▸ Exercise description:
The full listing should be written out verbatim, and its images should be dropped.

▸ Given information:
━━━━━━━━━━━━━━━━━━━━━━━━━━━━━━

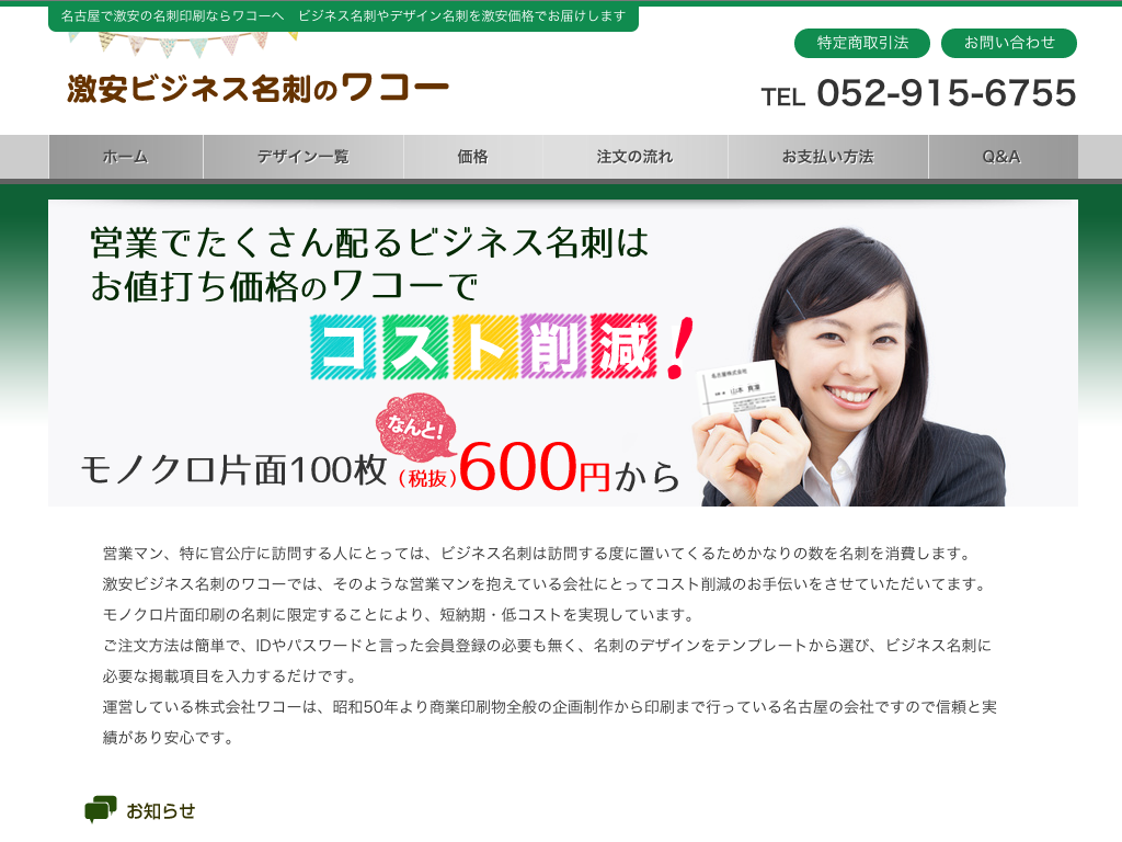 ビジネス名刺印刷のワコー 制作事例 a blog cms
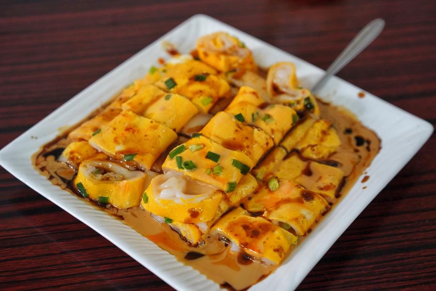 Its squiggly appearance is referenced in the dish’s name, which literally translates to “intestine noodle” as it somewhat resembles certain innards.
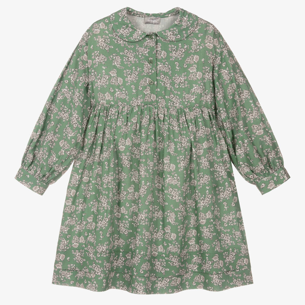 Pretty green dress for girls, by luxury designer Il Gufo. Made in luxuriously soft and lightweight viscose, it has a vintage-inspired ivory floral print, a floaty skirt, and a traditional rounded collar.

━━━━━━━━━━━━━━━━━━━━━━━━━━━━━━

▸ Result for this exercise:
 ビジネス名刺印刷のワコー 制作事例 a blog cms
 Its squiggly appearance is referenced in the dish’s name, which literally translates to “intestine noodle” as it somewhat resembles certain innards.
 Pretty green dress for girls, by luxury designer Il Gufo. Made in luxuriously soft and lightweight viscose, it has a vintage-inspired ivory floral print, a floaty skirt, and a traditional rounded collar.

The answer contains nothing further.